RECORDED DATA: Begin
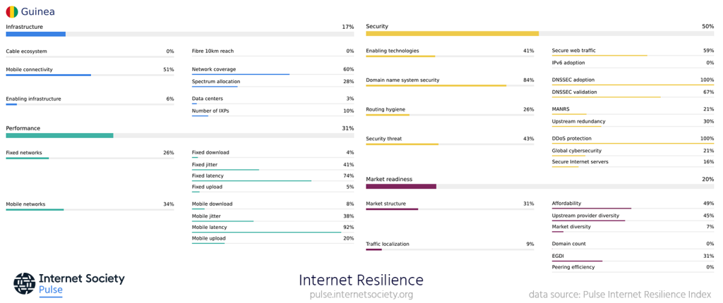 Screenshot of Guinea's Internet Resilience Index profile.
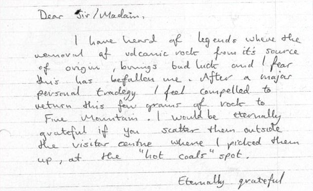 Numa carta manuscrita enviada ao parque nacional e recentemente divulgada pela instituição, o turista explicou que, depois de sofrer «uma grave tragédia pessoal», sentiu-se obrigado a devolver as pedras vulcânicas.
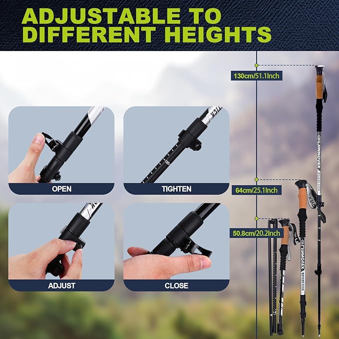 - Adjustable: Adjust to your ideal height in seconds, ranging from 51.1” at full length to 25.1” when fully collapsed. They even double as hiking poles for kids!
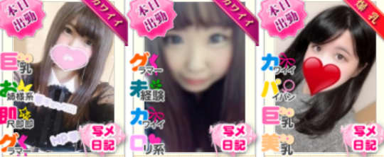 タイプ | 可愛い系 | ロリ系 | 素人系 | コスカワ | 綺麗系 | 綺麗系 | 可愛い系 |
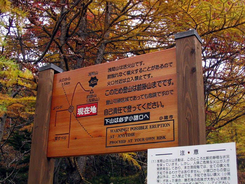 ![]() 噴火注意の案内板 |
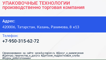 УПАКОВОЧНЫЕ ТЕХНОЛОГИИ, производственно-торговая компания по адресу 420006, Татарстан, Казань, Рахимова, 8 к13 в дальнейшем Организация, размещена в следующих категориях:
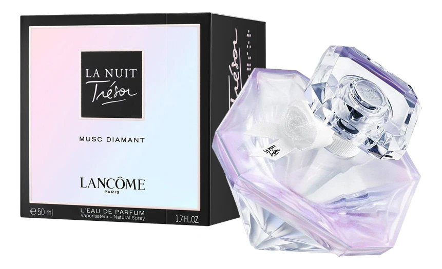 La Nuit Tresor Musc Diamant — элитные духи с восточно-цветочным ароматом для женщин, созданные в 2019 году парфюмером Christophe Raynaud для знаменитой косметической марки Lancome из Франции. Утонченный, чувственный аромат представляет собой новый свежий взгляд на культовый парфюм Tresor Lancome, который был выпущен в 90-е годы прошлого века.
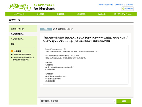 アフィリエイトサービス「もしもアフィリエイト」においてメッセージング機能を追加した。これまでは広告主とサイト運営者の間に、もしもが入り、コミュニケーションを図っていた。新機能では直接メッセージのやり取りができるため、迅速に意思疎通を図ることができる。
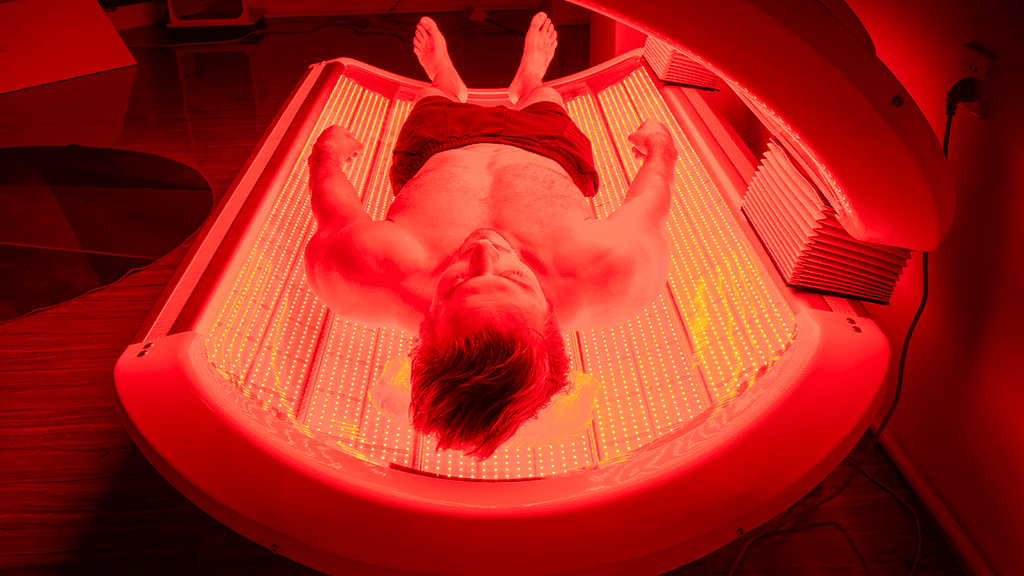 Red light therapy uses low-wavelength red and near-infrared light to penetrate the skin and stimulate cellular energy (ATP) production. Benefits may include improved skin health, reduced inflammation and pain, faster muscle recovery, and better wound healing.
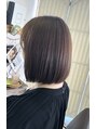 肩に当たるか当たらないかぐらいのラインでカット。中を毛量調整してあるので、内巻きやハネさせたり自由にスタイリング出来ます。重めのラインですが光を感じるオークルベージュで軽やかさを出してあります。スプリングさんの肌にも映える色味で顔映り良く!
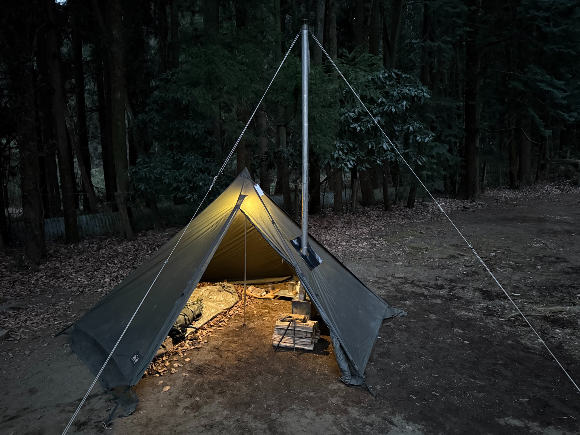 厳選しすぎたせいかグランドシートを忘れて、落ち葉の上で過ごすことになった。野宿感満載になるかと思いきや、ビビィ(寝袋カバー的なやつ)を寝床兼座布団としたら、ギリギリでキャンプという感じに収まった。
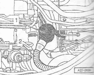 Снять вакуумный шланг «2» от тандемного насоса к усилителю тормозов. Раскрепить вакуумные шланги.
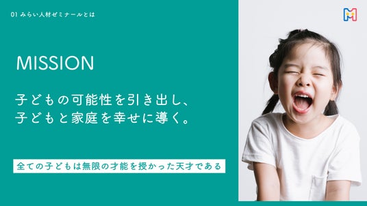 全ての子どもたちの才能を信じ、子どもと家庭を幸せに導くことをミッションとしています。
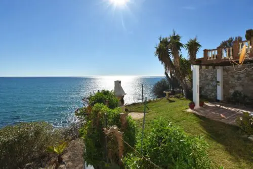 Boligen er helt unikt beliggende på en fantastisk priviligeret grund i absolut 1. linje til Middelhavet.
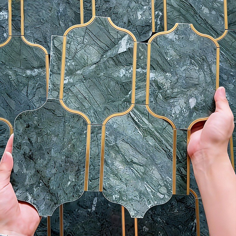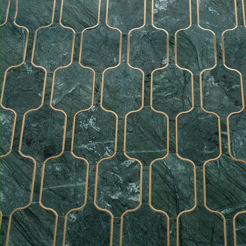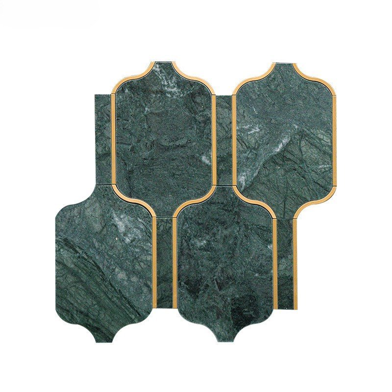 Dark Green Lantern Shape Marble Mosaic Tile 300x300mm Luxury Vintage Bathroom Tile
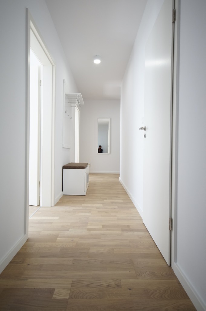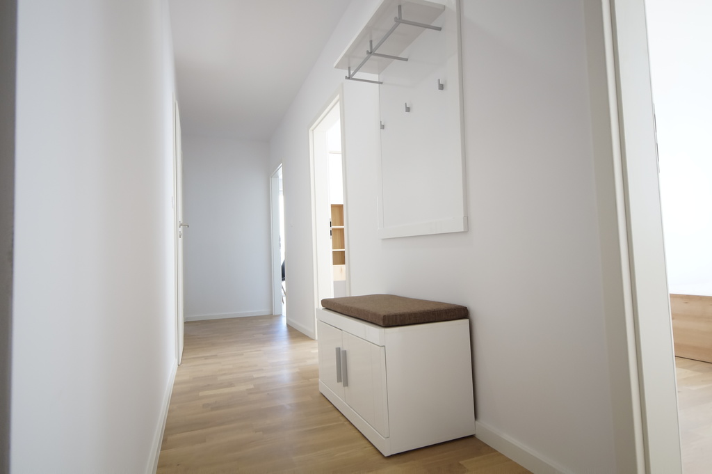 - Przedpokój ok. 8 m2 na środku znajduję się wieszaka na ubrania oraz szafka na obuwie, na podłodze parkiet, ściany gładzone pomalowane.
RECORDED DATA: End
RECORDED DATA: Begin
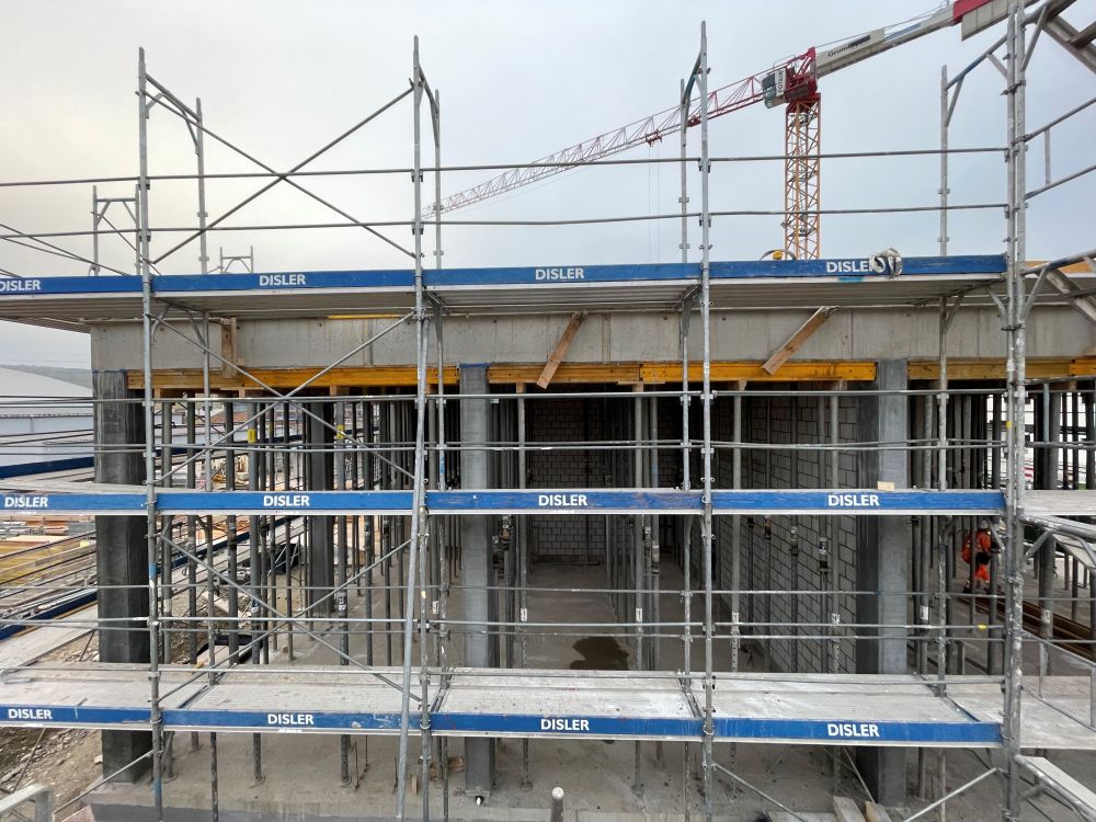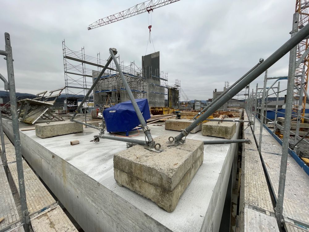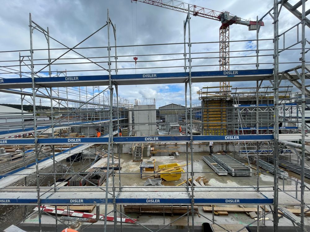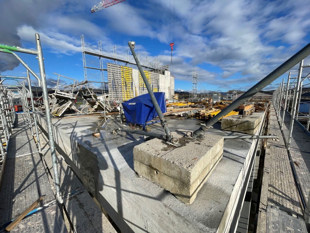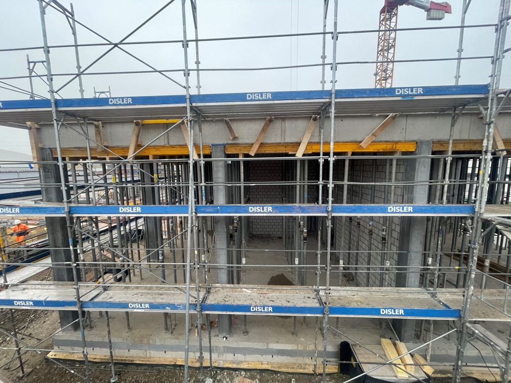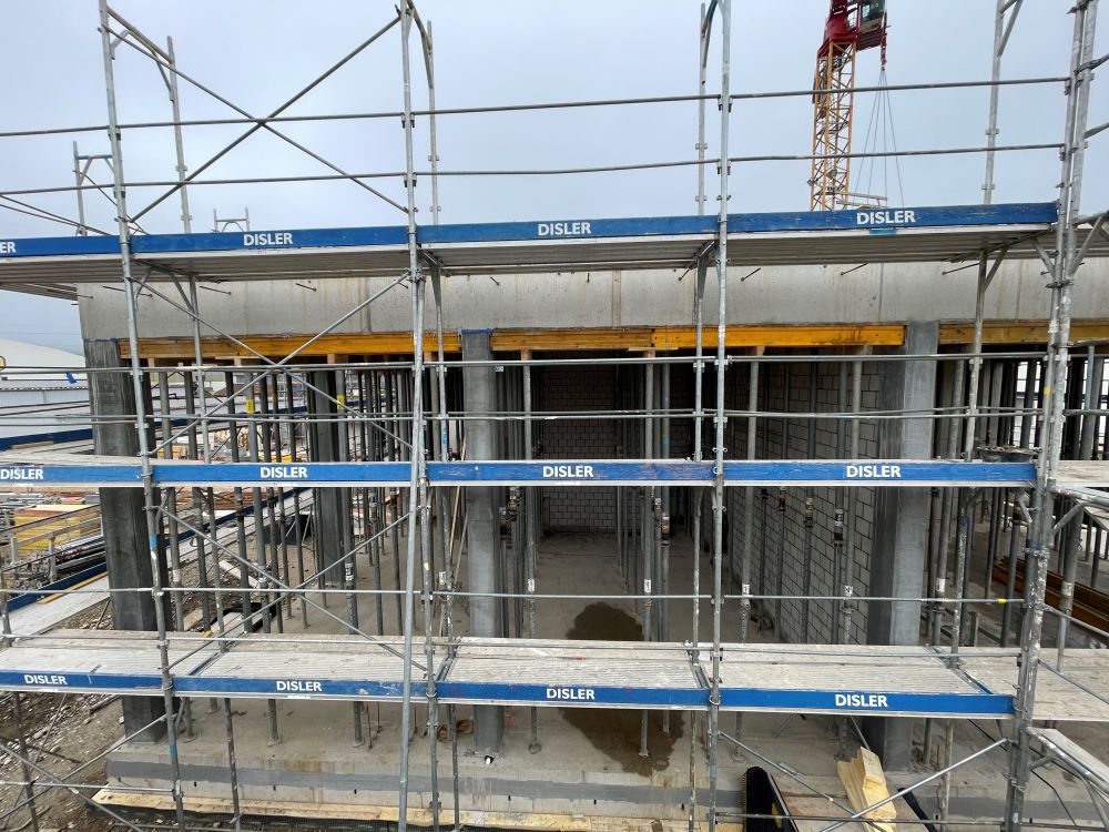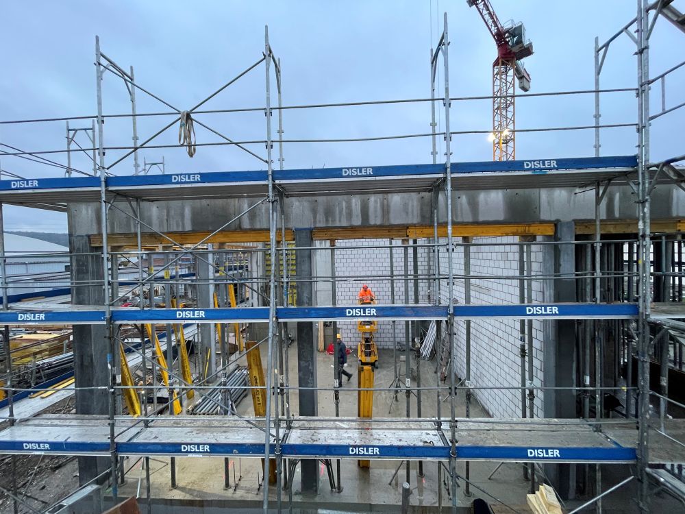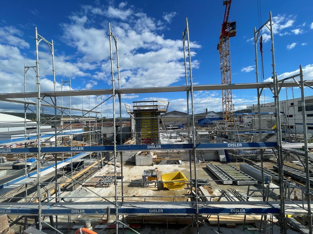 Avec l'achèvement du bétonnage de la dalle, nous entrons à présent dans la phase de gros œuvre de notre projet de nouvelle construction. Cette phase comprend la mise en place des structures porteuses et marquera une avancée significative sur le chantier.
RECORDED DATA: End
RECORDED DATA: Begin
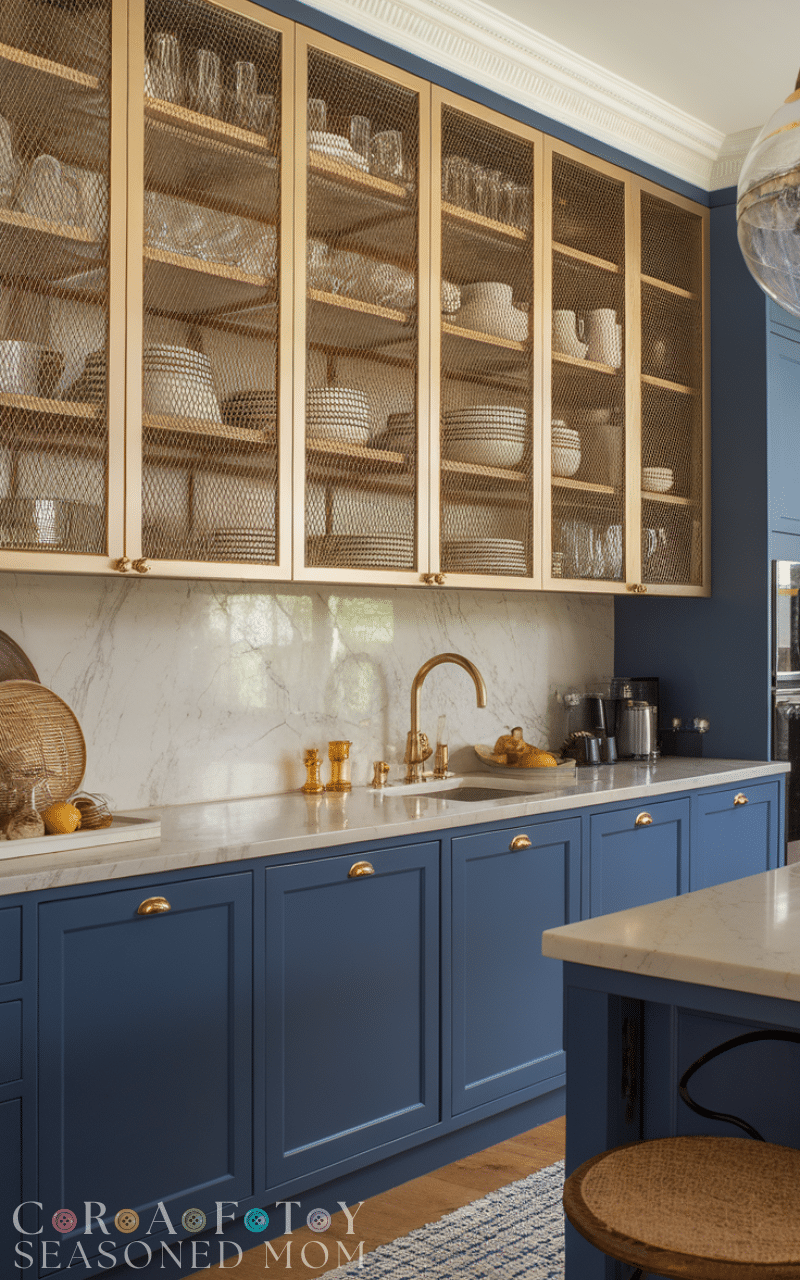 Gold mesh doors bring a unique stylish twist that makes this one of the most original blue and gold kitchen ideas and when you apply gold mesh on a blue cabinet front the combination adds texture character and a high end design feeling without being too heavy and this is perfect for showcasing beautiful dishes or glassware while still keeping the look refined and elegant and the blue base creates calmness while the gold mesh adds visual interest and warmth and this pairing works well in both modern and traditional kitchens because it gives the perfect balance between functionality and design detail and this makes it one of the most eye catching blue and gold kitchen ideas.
RECORDED DATA: End
Copy only what lies between the line with "Screenshot of Guinea's" and the line with "肩に当たるか当たらないかぐら", those two lines included, exactly as given above; pictures stay out.

• _OUTPUT OF THE EXERCISE_:
 Screenshot of Guinea's Internet Resilience Index profile.
 Numa carta manuscrita enviada ao parque nacional e recentemente divulgada pela instituição, o turista explicou que, depois de sofrer «uma grave tragédia pessoal», sentiu-se obrigado a devolver as pedras vulcânicas.
 - Adjustable: Adjust to your ideal height in seconds, ranging from 51.1” at full length to 25.1” when fully collapsed. They even double as hiking poles for kids!
 タイプ | 可愛い系 | ロリ系 | 素人系 | コスカワ | 綺麗系 | 綺麗系 | 可愛い系 |
 ![]() 噴火注意の案内板 |
 УПАКОВОЧНЫЕ ТЕХНОЛОГИИ, производственно-торговая компания по адресу 420006, Татарстан, Казань, Рахимова, 8 к13 в дальнейшем Организация, размещена в следующих категориях:
 La Nuit Tresor Musc Diamant — элитные духи с восточно-цветочным ароматом для женщин, созданные в 2019 году парфюмером Christophe Raynaud для знаменитой косметической марки Lancome из Франции. Утонченный, чувственный аромат представляет собой новый свежий взгляд на культовый парфюм Tresor Lancome, который был выпущен в 90-е годы прошлого века.
 アフィリエイトサービス「もしもアフィリエイト」においてメッセージング機能を追加した。これまでは広告主とサイト運営者の間に、もしもが入り、コミュニケーションを図っていた。新機能では直接メッセージのやり取りができるため、迅速に意思疎通を図ることができる。
 Red light therapy uses low-wavelength red and near-infrared light to penetrate the skin and stimulate cellular energy (ATP) production. Benefits may include improved skin health, reduced inflammation and pain, faster muscle recovery, and better wound healing.
 肩に当たるか当たらないかぐらいのラインでカット。中を毛量調整してあるので、内巻きやハネさせたり自由にスタイリング出来ます。重めのラインですが光を感じるオークルベージュで軽やかさを出してあります。スプリングさんの肌にも映える色味で顔映り良く!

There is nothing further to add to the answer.